Planets with dual suns have been discovered — think Tatooine in “Star Wars.”

“There are planets with the Tatooine arrangement, with double stars,” she said. “Those are some of the interesting, very different systems compared to our own. There are planets in orbit around a pair of stars. There are also examples of planets where there is a planet around one star, but that star has a neighboring star. You can get different arrangements of the binaries.”

There are a range of planets out there we don’t have in our solar system. Some are giant — 20 times bigger than Jupiter. Some have entire solar systems packed into a tight orbit like Mercury’s. If you were standing on the surface of one, the others could appear like the moon does in Earth’s night sky if they were close enough.

“You could see some amount of the size of the planet,” Patience said.

Many exoplanets are too close to their host stars to be habitable. “They can be up into the thousands of degrees,” Patience said. Most are giants, so they’re gaseous. If they turn out to be rocky, they could potentially be lava worlds.

A planet surrounded by beautiful rings.

One planet scientists have  dubbed a super-Saturn  has more than 30 rings  200 times larger than Saturn’s.

Photo courtesy Ron Miller;  top image by JPL/Caltech

“If a rocky planet is that close to the host star, you’d have to be thinking about some amount of molten material,” Patience said.

One planet scientists have dubbed a super-Saturn has more than 30 rings 200 times larger than Saturn’s. If it replaced Saturn in our solar system, its rings would be more visible than the moon.

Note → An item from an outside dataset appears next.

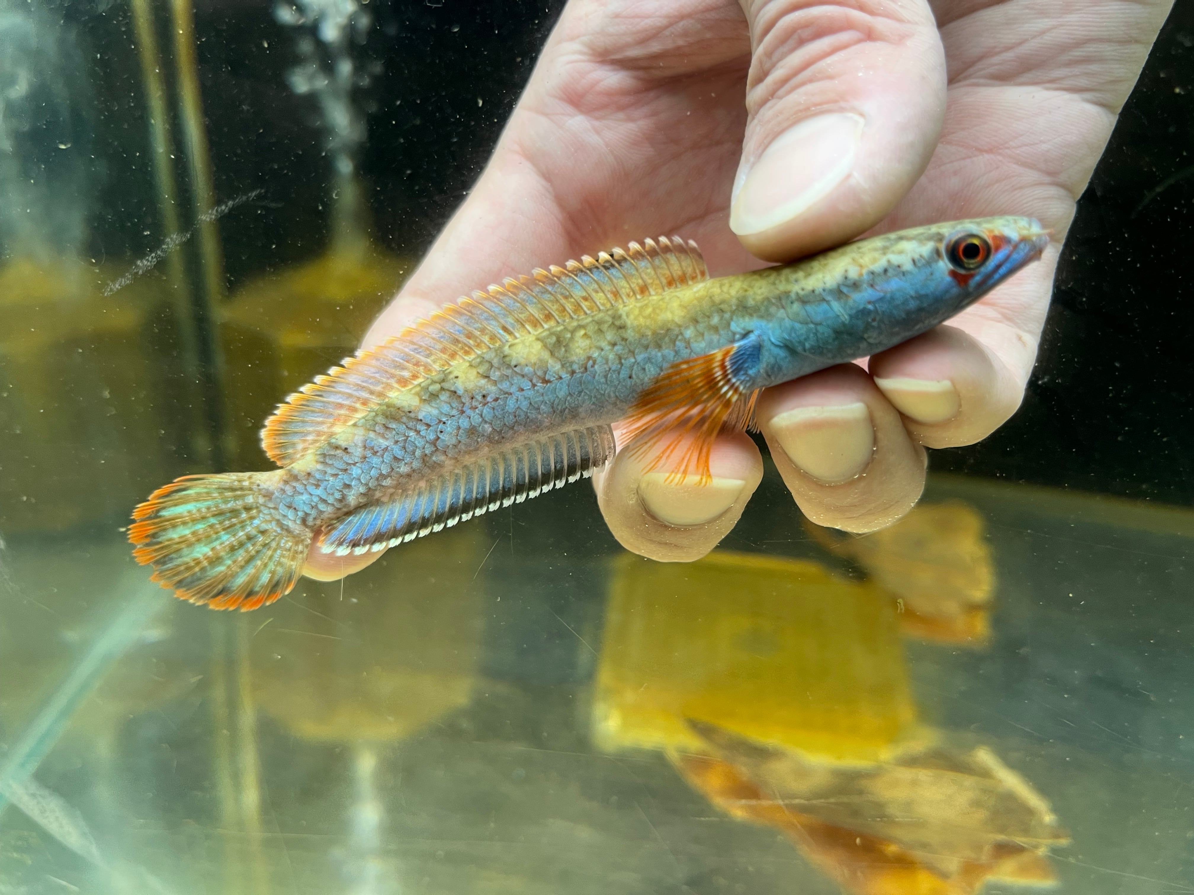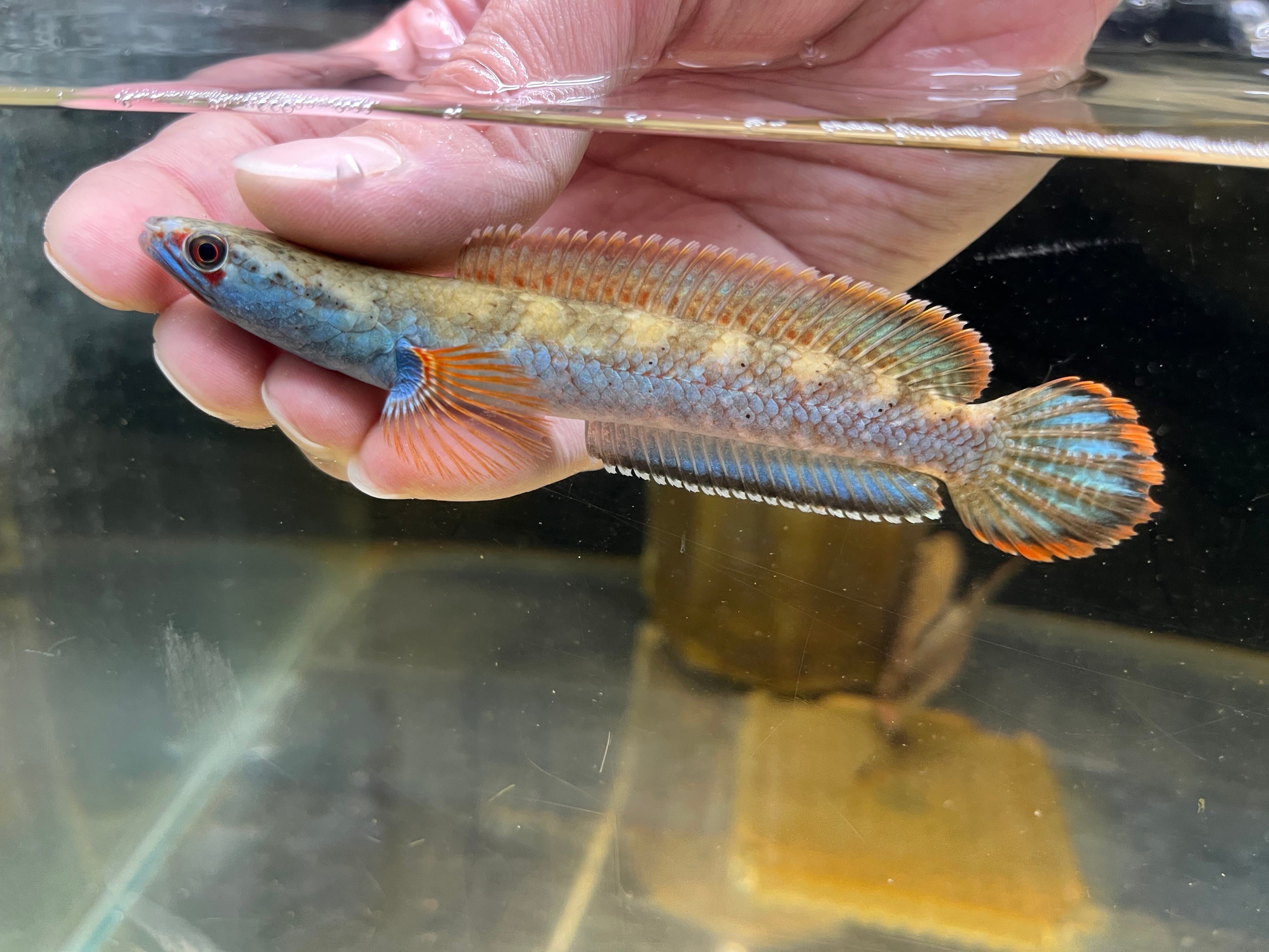 ミャンマーに生息するスネークヘッドです。ボディに入るメタリックブルーやヒレのオレンジエッジが美しく絶大な人気を誇るスネークヘッドです。また目の周りに入る赤い模様がカブキ役者の隈取に見えることからカブキの流通名もあります。発見から長らくsp種として扱われてきましが、近年の研究でチャンナフィロフタルムスと学名がつきました。

“There’s a lot of diversity out there,” Patience said. “They’re all very interesting, but in very different ways. … We’re really working toward the characterization aspects of these new systems.”

The closest exoplanet is a little more than 16 light-years away (or about 96 trillion miles).

“There are thousands known, and there are many fewer that we’ve been able to investigate the atmospheres,” Patience said. “It’s a lot harder to investigate the atmospheres.”

Depending on the temperature of the star, there is a range of orbits where liquid water could be present. They can’t be too close to the star like Mercury because they’d be too hot. They can’t be too far away like Mars, because they’d be cold.

“It’s also sometimes called the Goldilocks zone,” Patience said. “There is this growing number of planets that are in the habitable zone. For the most part they are around those smaller stars because the orbits that could be searched so far are closer orbits. To catch the habitable zone you need to be around the lower-mass stars.”

There are around 25 Goldilocks planets: Earth-size, and in the right orbit. Last month the most promising Earth-like planet — Kepler 438b — was found to be possibly uninhabitable. The planet is in the Goldilocks zone, but it orbits a cooler low-mass star. This type of star has a lot of flare activity, so the planet is bombarded by intense radiation and plasma flares.

“Although it’s in the liquid water zone, it might have other complications,” Patience said of Kepler 438b.

Kepler 438b is tidally locked to the star, so the same face of the planet is always turned to the star (similar to the moon and Earth). Could there be a thin habitable edge at the line between the star side and the dark side? Imagine living in Arizona, but not being able to go to California because there’s too much radiation, and not being able to go to New Mexico because it’s dark and frigid.

“This is certainly an area that’s under research,” Patience said. “What is the full scope of those effects? … That’s what’s really exciting about this field. It’s a chance to encounter planetary systems that we don’t have analogs of in our own solar system. We can investigate what are the implications of having one hemisphere irradiated and one dark side. What are the wind patterns? What is the climate? There are a lot of interesting questions.”